__Task item__:
Repeat the lines from the line with "华为展区的美团无人配送车,5" to the line with "12月15日,在上海闵行区莘庄公园枫叶丛中拍摄的白头鹎。" in the listing below, keeping both end lines and adding nothing.

__Input__:
^^^^
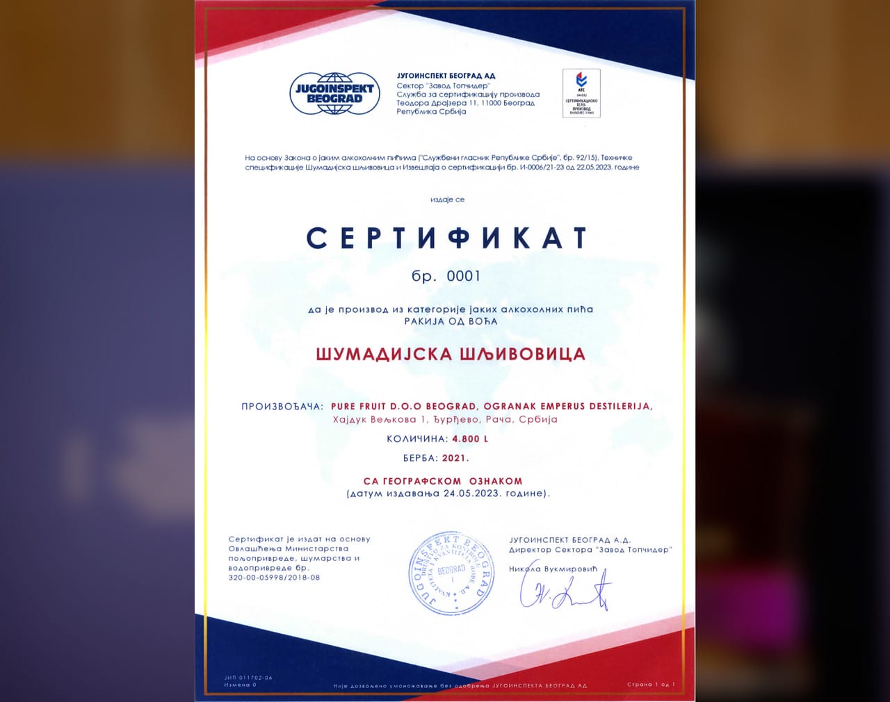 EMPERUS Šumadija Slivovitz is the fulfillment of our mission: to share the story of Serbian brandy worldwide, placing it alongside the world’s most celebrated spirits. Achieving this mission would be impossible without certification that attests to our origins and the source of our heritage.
^^^^
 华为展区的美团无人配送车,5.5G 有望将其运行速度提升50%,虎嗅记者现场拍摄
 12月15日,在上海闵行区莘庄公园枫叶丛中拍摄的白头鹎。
^^^^
__Exercise result__:
 华为展区的美团无人配送车,5.5G 有望将其运行速度提升50%,虎嗅记者现场拍摄
 12月15日,在上海闵行区莘庄公园枫叶丛中拍摄的白头鹎。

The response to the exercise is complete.